Multi-process
Under Unix/linux, we are provided with an interface similar to the fork () function in the <unistd.h> header file in C, which is located in the OS module, similarly to C, which returns the child process ID for the parent process fork () call, and returns 0 for the child process.
Import OS, timepid = Os.fork () if pid = = 0: While True: print ' child process ' time.sleep (1) Else: while Tru E: print ' parent process ' time.sleep (3)

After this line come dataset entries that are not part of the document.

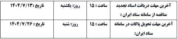 شرکت سهامی نمایشگاه بین المللی ج.ا.ایران در نظر دارد تجدید مناقصه عمومی دو مرحله ای فوق الذکر را از طریق سامانه تدارکات الکترونیکی دولت برگزار نماید. کلیه مراحل برگزاری از دریافت اسناد تجدید مناقصه تا ارائه پیشنهادات مناقصه گران و بازگشایی پاکت ها از طریق سامانه تدارکات الکترونیکی دولت (ستاد) به آدرس www.setadiran.ir انجام خواهد شد و لازم است مناقصه گران در صورت عدم عضویت قبلی، مراحل ثبت نام در سایت مذکور و دریافت گواهی امضای الکترونیکی را جهت شرکت در مناقصه محقق سازند.
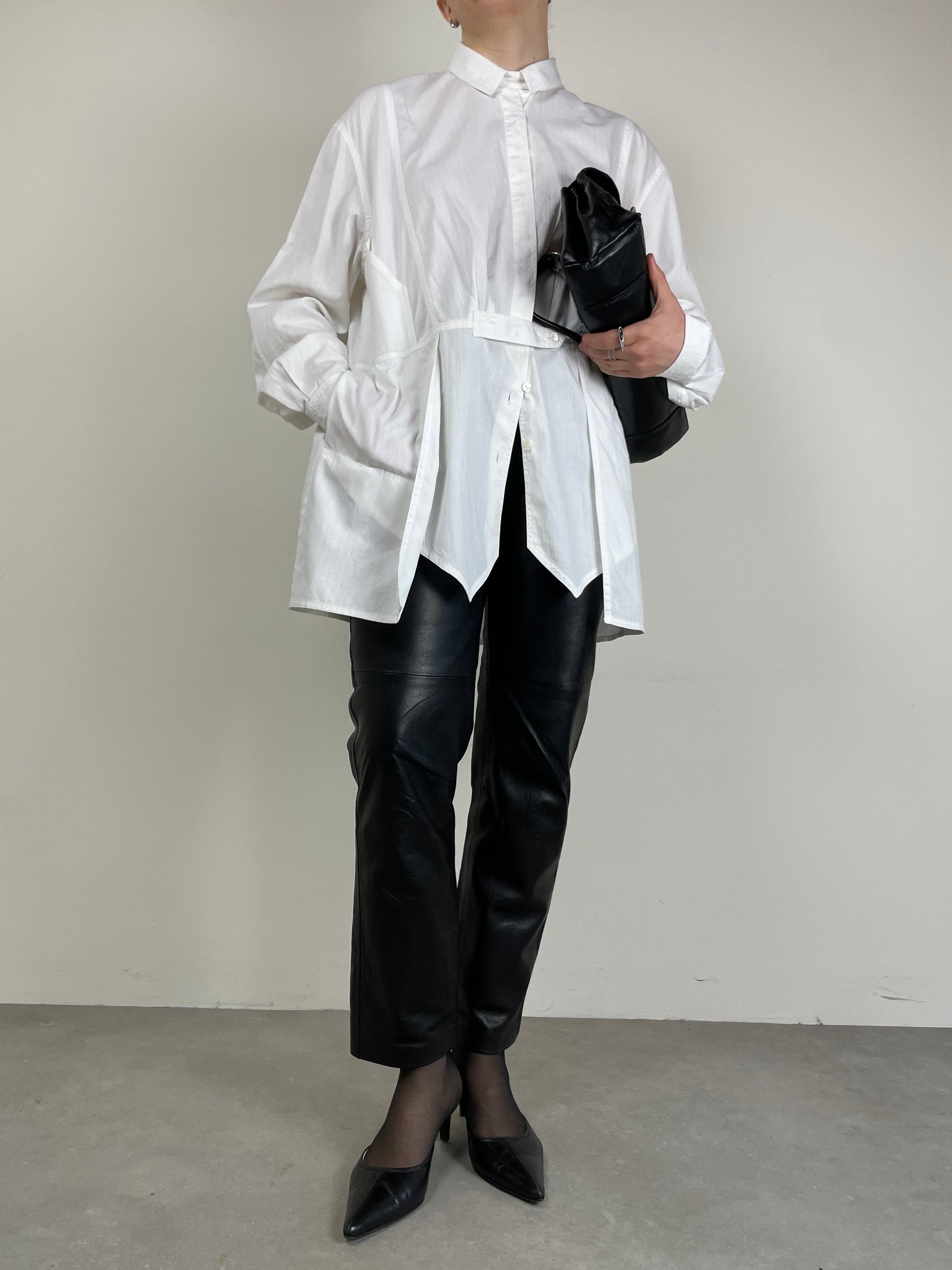 Pantalone vintage in morbida vera pelle nera, dalla linea dritta e struttura leggermente affusolata, completamente foderato internamente.
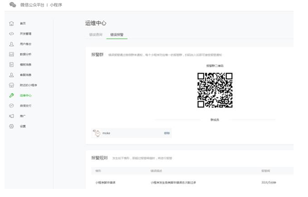 在運維中心,開發(fā)者可掃描二維碼加入小程序報警群。當(dāng)小程序在運行中出現(xiàn)問題時,系統(tǒng)會推送信息告知報警群內(nèi)的成員。
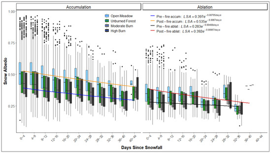 3.4. Post-Fire Daily Landscape Snow Albedo Decay
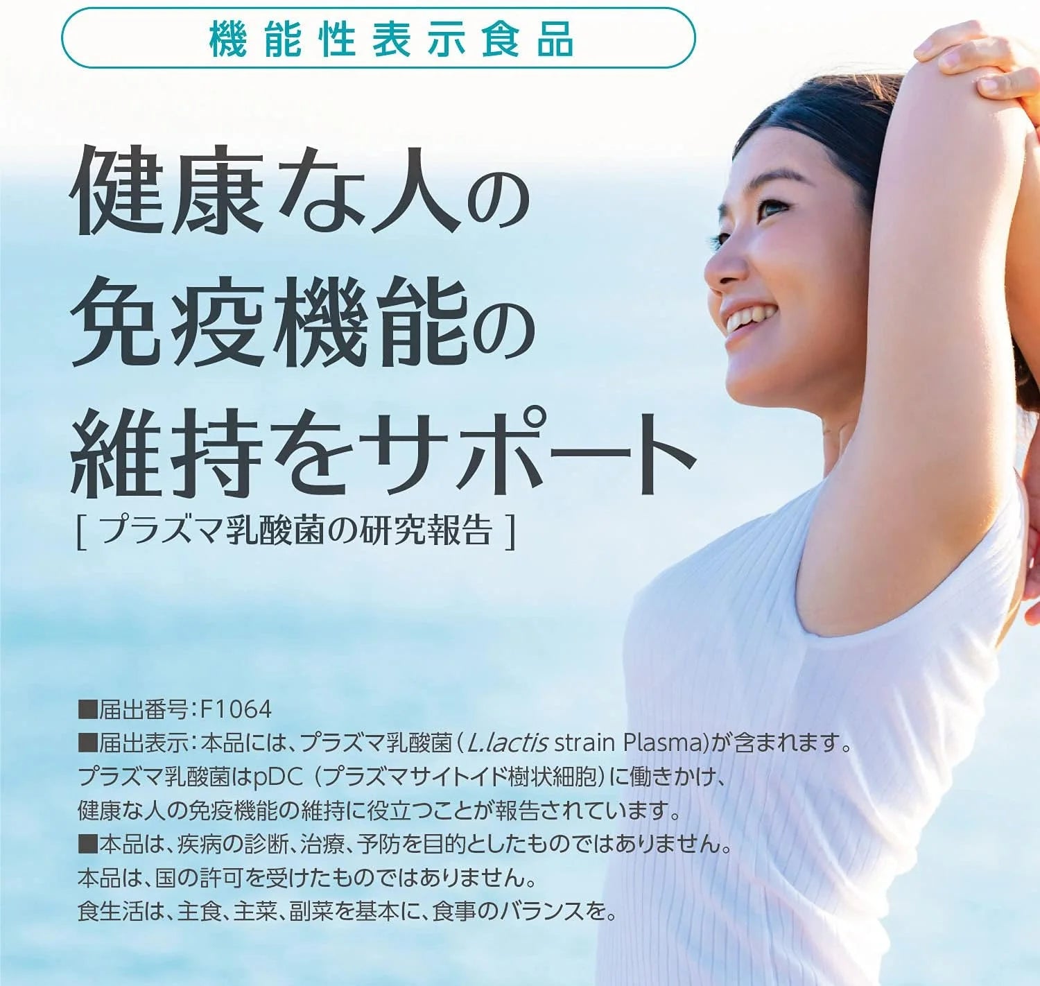 Fonksiyonel Gıda Kaydı—Bu ürün, Japonya Tüketici İşleri Ajansı tarafından İşlevsel İddialı Gıda (F1064) olarak kayıtlıdır. Resmî bildirim, Plazma Laktik Asit Bakterilerinin sağlıklı bireylerde bağışıklık işlevinin korunmasına yardımcı olduğunu doğrulamaktadır.
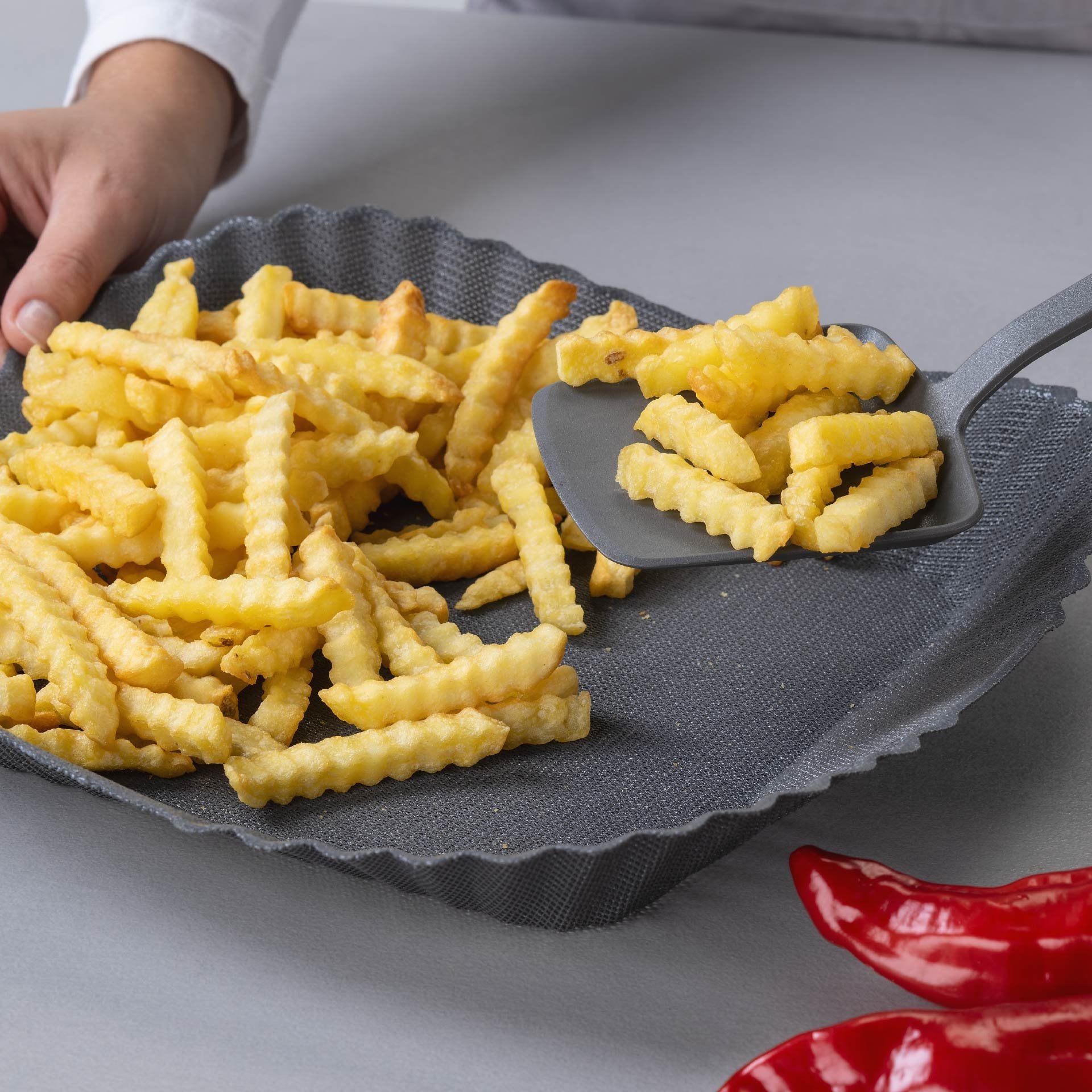 - Perforált kialakítása ideális légáramlást és ropogós eredményt biztosít – Méretek: 21 x 21 x 4,5 cm
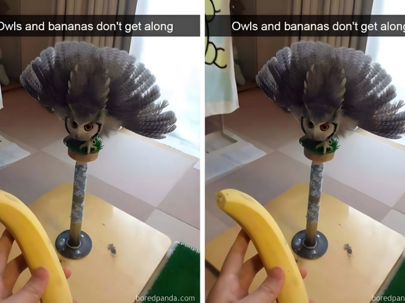Likely Device: Sharp Edge+ Buy At: Amazon, Motorola Average Price: $700* Owls project wisdom yet they are stealth hunters with few threats. Here humor wins: the owl puffs up as if a harmless banana were a rival. Even apex predators can have theatrical moments that ruffle feathers.
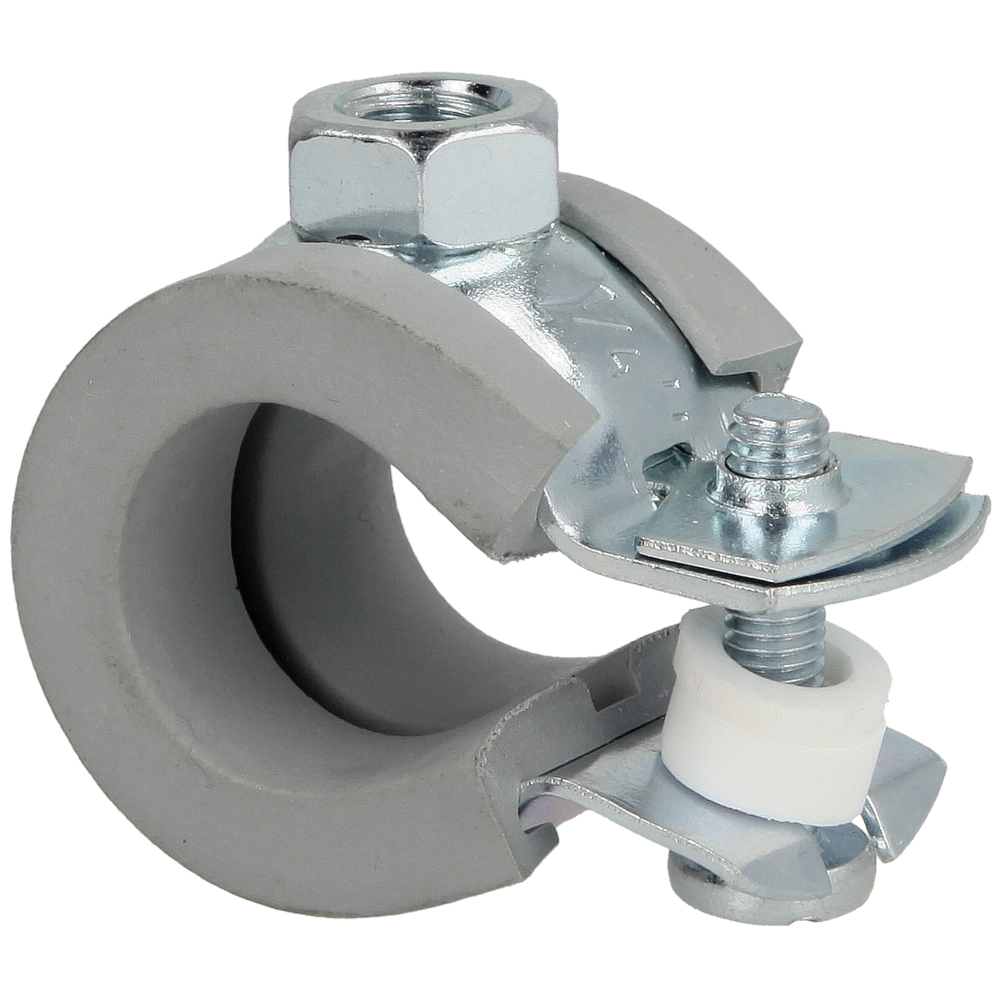 De buisklem met schroefdraad wordt gebruikt voor kunststof buizen. Hij heeft een geluidsisolatie-inzetstuk gemaakt van hoge kwaliteit EPDM. De verbetering van het geluidsniveau is gemiddeld 15 db (A)...
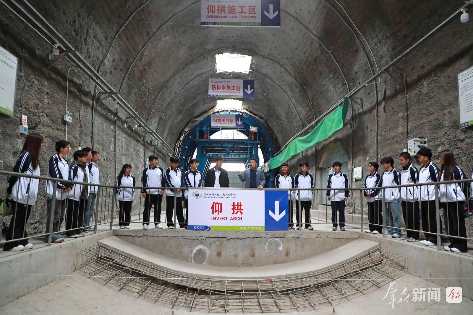 4月21日,陕西铁路工程职业技术学院隧道实训基地,老师给学生讲解仰拱制作、铺设和测量。
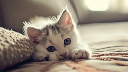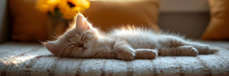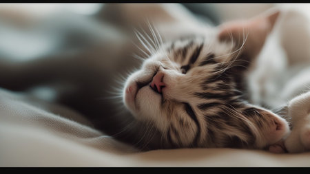 Cute kitten resting peacefully on a soft plush mattress in a calm serene home setting The young feline appears comfortable and content curled up and napping in a state of tranquil relaxation
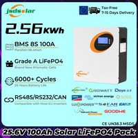 Jsdsolar 24V 100Ah LiFePO4 Lithium Battery Pack 2.56KWh Solar Battery with BMS 6000 + Cycle Parallel CAN RS485 for EU Inverter $396.48
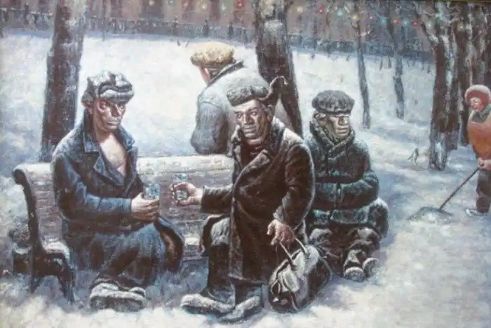 Василий Колотев никогда не ставил перед собой задачу коммерческого успеха. Он просто рисовал действительную жизнь большинства людей, ютившихся в коммуналках, стоящих в очередях за продуктами, не имеющих элементарных человеческих условий и заливающих свое существование водкой. Каждому советскому человеку среднего звена понятна и близка тема произведений Колотева. Такая жесткая правда никоим образом не должна была быть допущена в массы.
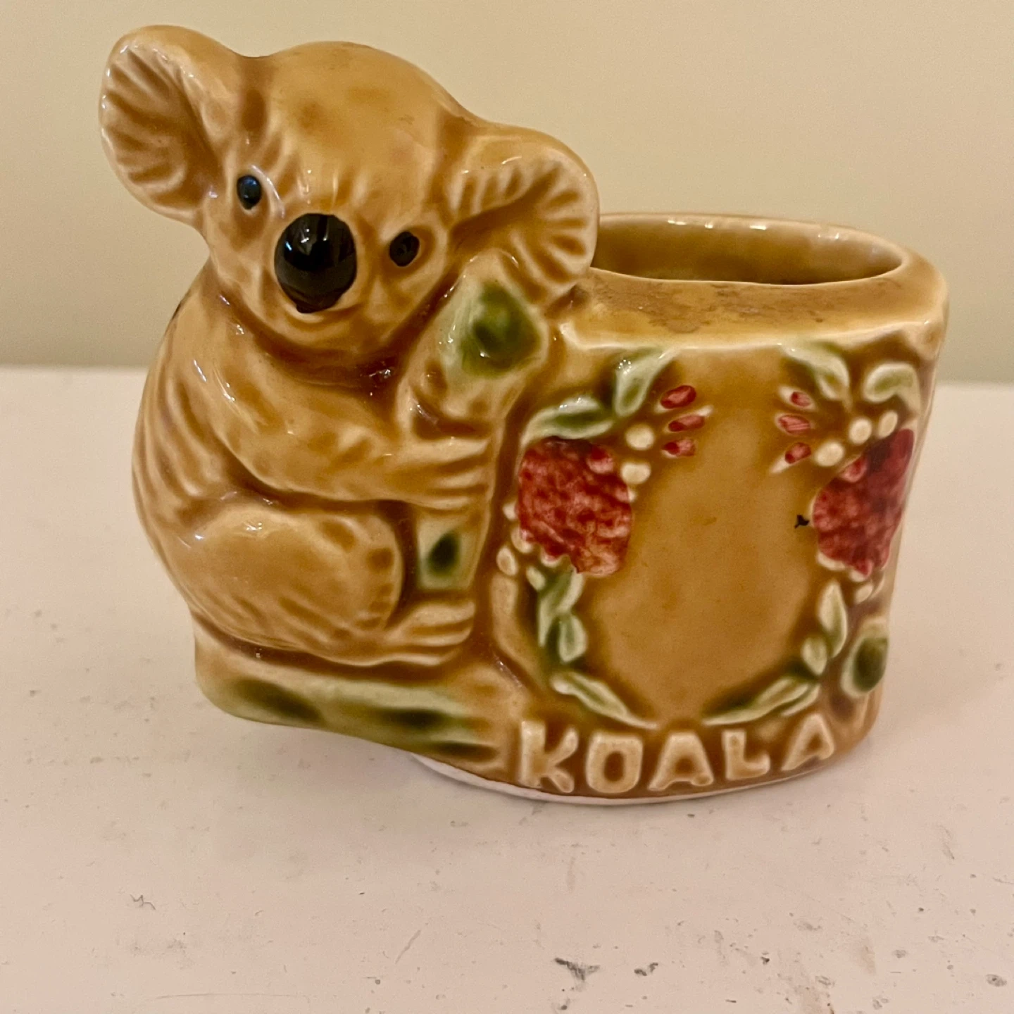 Sweet midcentury koala toothpick holder in good vintage condition, with a charming retro look, marked Japan on the bottom. Rare find!
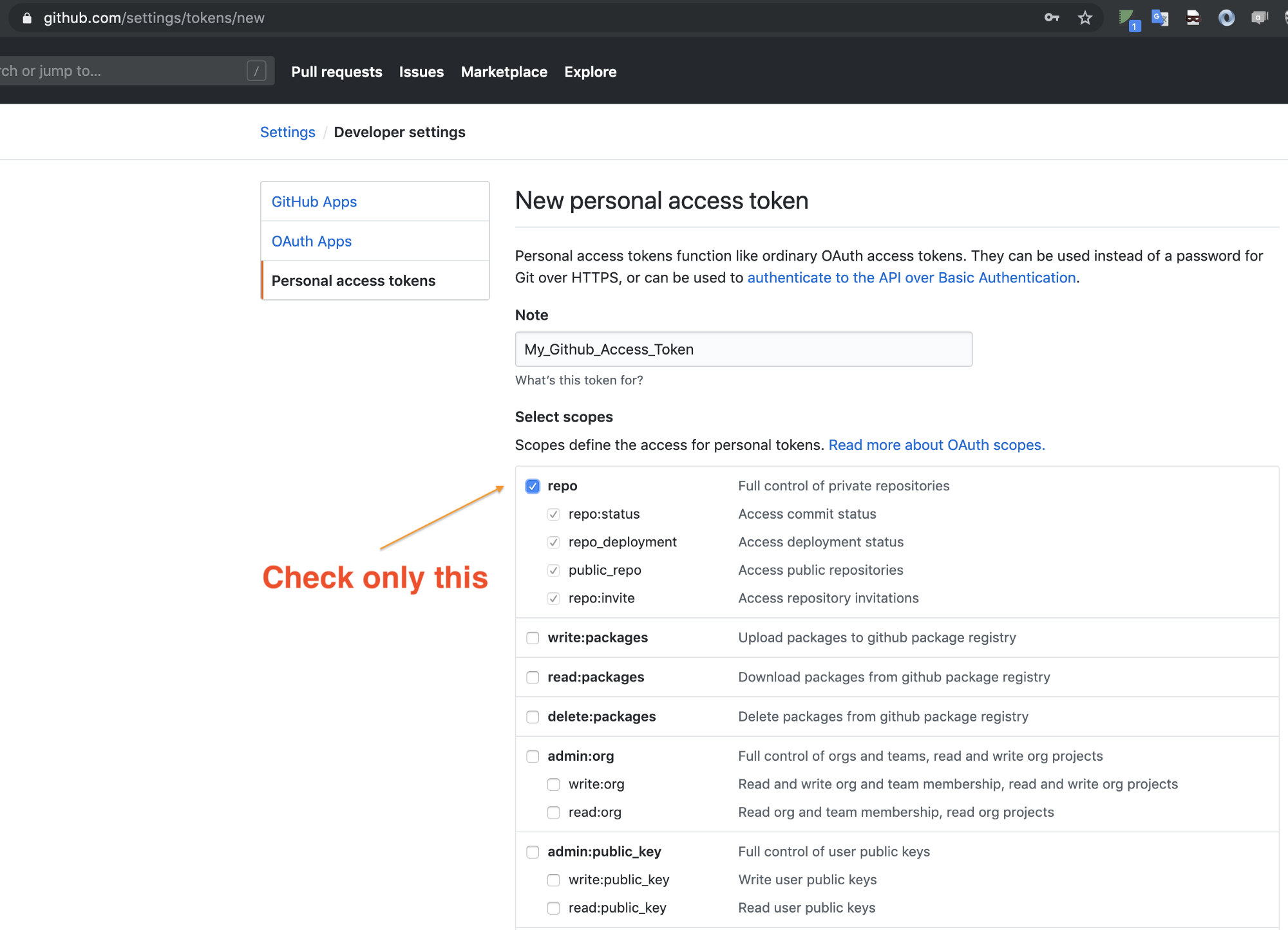 4. repo ์ ํ์ง ํด๋ฆญํ๊ณ , Github Access Token ์์ฑ

Given that Windows does not have this call, Python provides us with a cross-platform version, which is the multiprocessing module that enables cross-platform multi-process through the process class in the Multiprocessing module, which is very simple to use
#coding: Utf-8from multiprocessing import processimport OS, Timedef handler (args):p rint ' process parameter is%s '% Argswhi Le True:print ' child process ' time.sleep (1) If __name__== ' __main__ ': print ' parent process is%d '% os.getpid () Child_proc = Process (target = handler, args= (' Test parameter ',)) #指定子进程开始执行的函数 Child_proc.start () while True: print ' parent process ' time.sleep (3)
Note : If __name__== ' __main__ ' is not added, the code in the module will be executed again after the child process is started, and it should be added to avoid unnecessary errors.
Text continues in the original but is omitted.